Herbst Elmar, Oeckenpöhler Simon, Riesenbeck Oliver, Kittl Christoph, Glasbrenner Johannes, Michel Philipp, Katthagen J Christoph, Raschke Michael J
Klinik für Unfall‑, Hand- und Wiederherstellungschirurgie, Universitätsklinikum Münster, Albert-Schweitzer-Campus 1, 48149, Münster, Deutschland.
Unfallchirurgie (Heidelb). 2023 Sep;126(9):715-726. doi: 10.1007/s00113-023-01352-7. Epub 2023 Aug 8.
The incidence of proximal intra-articular tibial fractures is continuously increasing. In addition to high-energy trauma in young patients, osteoporotic fractures occur more frequently in geriatric patients. After a thorough clinical examination including X‑ray and computed tomography (CT) imaging, consolidation of the soft tissue is followed by surgical treatment to achieve the best possible anatomic reconstruction of the articular surface. Nonanatomic reduction with articular gaps >2.5 mm leads to a significantly increased risk of osteoarthritis. Selection of the surgical approach and planning of the osteosynthesis are based on the fracture morphology and the existing soft tissue damage. In addition to arthroscopically assisted percutaneous procedures, sophisticated osteosynthesis is often necessary, which requires several surgical approaches.
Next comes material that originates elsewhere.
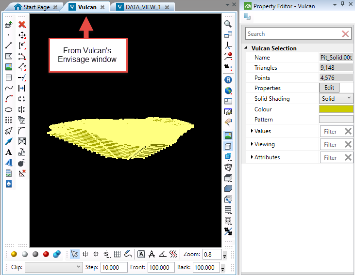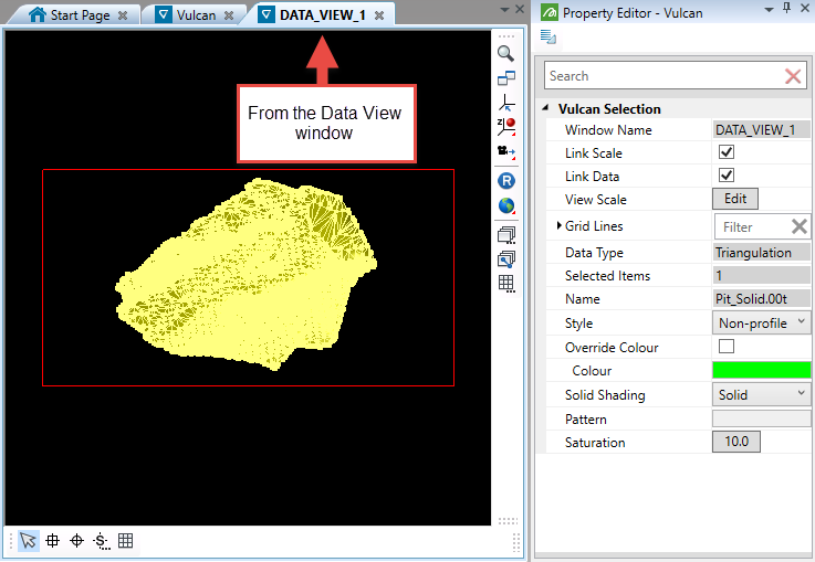 Note: Â The options available in the Property Editor change depending on if you are highlighting an object in Vulcan's Envisage screen or in Plot Builder's Data View screen. This is true even though you may be selecting the same object.

In this context, posterior surgical approaches are becoming increasingly more important. Primary knee arthroplasty can also play a role, particularly in older patients.
近端关节内胫骨骨折的发生率持续上升。除年轻患者的高能创伤外,骨质疏松性骨折在老年患者中更为常见。经过包括X线和计算机断层扫描(CT)成像在内的全面临床检查后,待软组织消肿后进行手术治疗,以尽可能实现关节面的最佳解剖重建。关节间隙>2.5毫米的非解剖复位会导致骨关节炎风险显著增加。手术入路的选择和骨固定的规划基于骨折形态和现有的软组织损伤。除了关节镜辅助下的经皮手术外,通常还需要复杂的骨固定,这需要多种手术入路。在这种情况下,后入路手术变得越来越重要。初次膝关节置换术也可发挥作用,尤其是在老年患者中。